What we don't need is an expanded universe of nations and regions we are garrisoning in order to secure their peace at the cost of increasing the threat of possible war for us over things that are none of our business.

Specifically WRT Syria, I've said it a hundred and I'll say it a million times; if it were so important to secure - the area of the West most negatively impacted by the Syrian civil war would have a string of divisions lining the eastern banks of the Euphrates - the Europeans. You see a sprinkling of French there (the former colonial power), but that is about it.

It is only our circus and our monkeys if we stay long enough. Time to go. If we need to come back and break more things and kill more people for a few months, then fine - we'll do it.

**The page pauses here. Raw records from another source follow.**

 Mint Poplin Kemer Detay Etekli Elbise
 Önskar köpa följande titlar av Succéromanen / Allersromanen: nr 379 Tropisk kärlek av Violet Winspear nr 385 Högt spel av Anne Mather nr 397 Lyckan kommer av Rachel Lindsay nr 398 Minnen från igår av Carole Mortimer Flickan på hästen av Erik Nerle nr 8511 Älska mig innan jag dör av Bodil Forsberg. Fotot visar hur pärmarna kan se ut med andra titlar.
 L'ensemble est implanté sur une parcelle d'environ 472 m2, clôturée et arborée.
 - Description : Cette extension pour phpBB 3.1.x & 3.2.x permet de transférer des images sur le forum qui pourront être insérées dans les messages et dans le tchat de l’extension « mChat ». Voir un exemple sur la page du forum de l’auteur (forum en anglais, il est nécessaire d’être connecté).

I can argue the other side of the argument as well ... but I frankly don't care to any more. I save that energy for IRQ and AFG.

Thursday, December 20, 2018

Operation Inherent Dissolve

My position on intervention in the Syrian Civil War has been roughly consistent. You can click the Syria tab below if you so wish to review back to 2012, or for the executive summary you can read PLAN SALAMANDER from SEP 2015 or Rev. 1 of JUN 2017 later here.

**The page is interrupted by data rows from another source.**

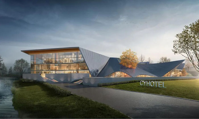 項目不同于以往規(guī)矩的建筑設計,將黃山楓葉融入設計中,形態(tài)回應如鳳,與黃山相望,由自然而來。揭開朝陽村“詩意民宿村”的未來畫卷。建筑似從地面生長蔓延而出,宛如起伏的山體的延續(xù)。將建筑融入到環(huán)境中,綿延了城市的風光,消解了硬性的界面形式,能從各個角落望見窗外的風景,盡最大可能地與自然進行對話。
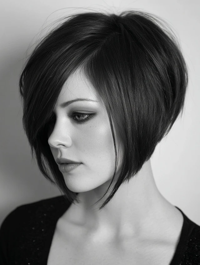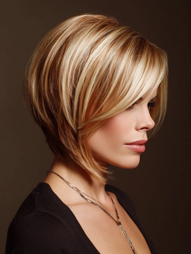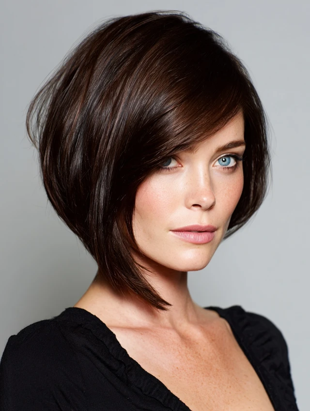 The angled bob creates a modern, flattering silhouette that elongates the neck and frames the face elegantly.
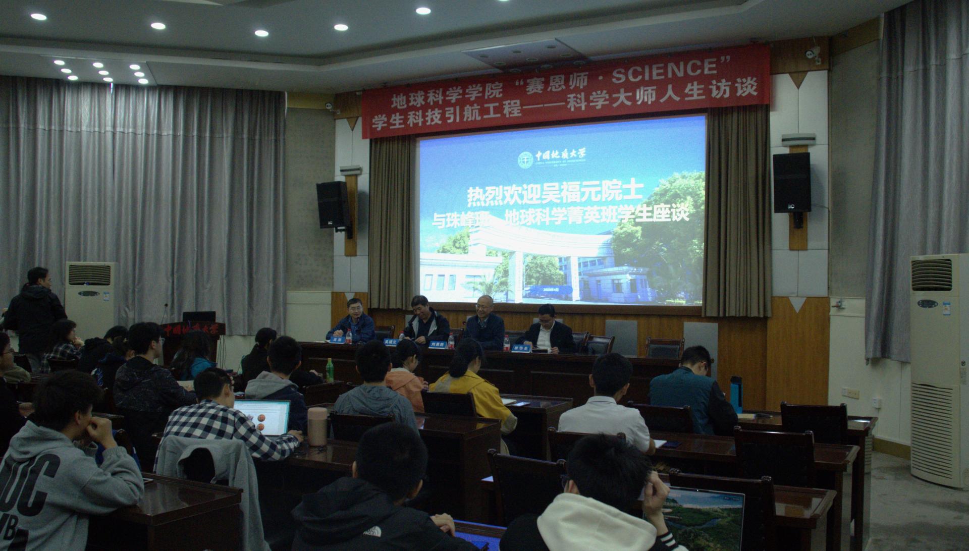 4月22日,在第54个世界地球日来临之际,中国科学院地质与地球物理研究所吴福元院士做客在线av “赛恩师·SCIENCE”科学大师人生访谈,与珠峰班、地球科学菁英班学子座谈。副校长刘勇胜主持座谈,在线av 党委书记周刚、李四光学院常务副院长单华生参加座谈。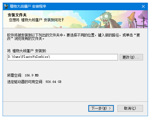 1、首先官网上下载植物大战僵尸压缩包,使用360解压软件解压后,双击.exe文件进入植物大战僵尸简体中文版安装导向,更改程序的安装路径,然后点击【下一步】进行安装。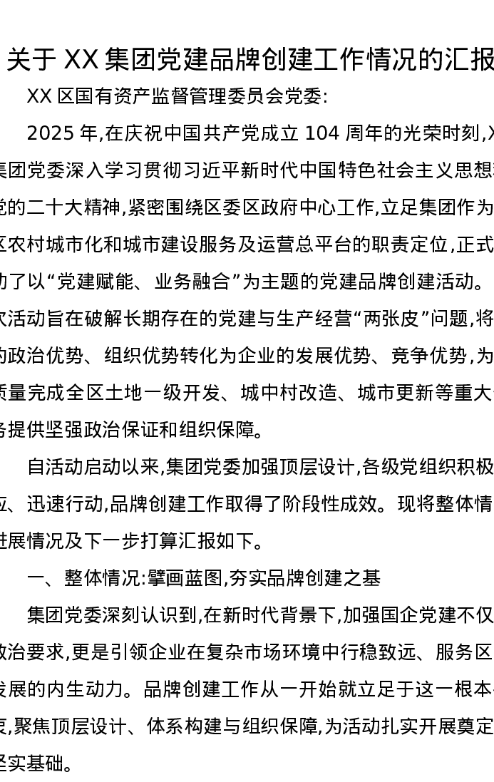 关于XX集团党建品牌创建工作情况的汇报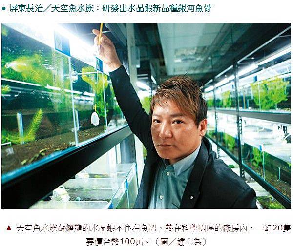 今年三十九歲的天空魚水族董事長蘇耀龍,就是這樣的人。他原本在台北從事攝影工作,工作之餘玩水草缸造景,二○○五年偶然在造景同好家中看到紅白水晶蝦,一見鍾情。

For those in a hurry, here it is; Syria has never been in the USA orbit. As long as her civil war does not impact our national interests, what happens there is not our business as primary lead.

That changed when the Islamic State set up their Caliphate. As we did in Iraq, we partnered with the most reliable native ground force opposing them. In Syria, we rightfully decided that we would eliminate ISIS from the Euphrates valley and east to the Iraqi border. The rest of Syrian territory would be the concern of the Syrians themselves and their allies. The Syrian government was and is, without question, the only non-Kurdish force in Syria that protected religious minority Christians and Druse (being led by a minority Shia sect themselves). Our interests overlap.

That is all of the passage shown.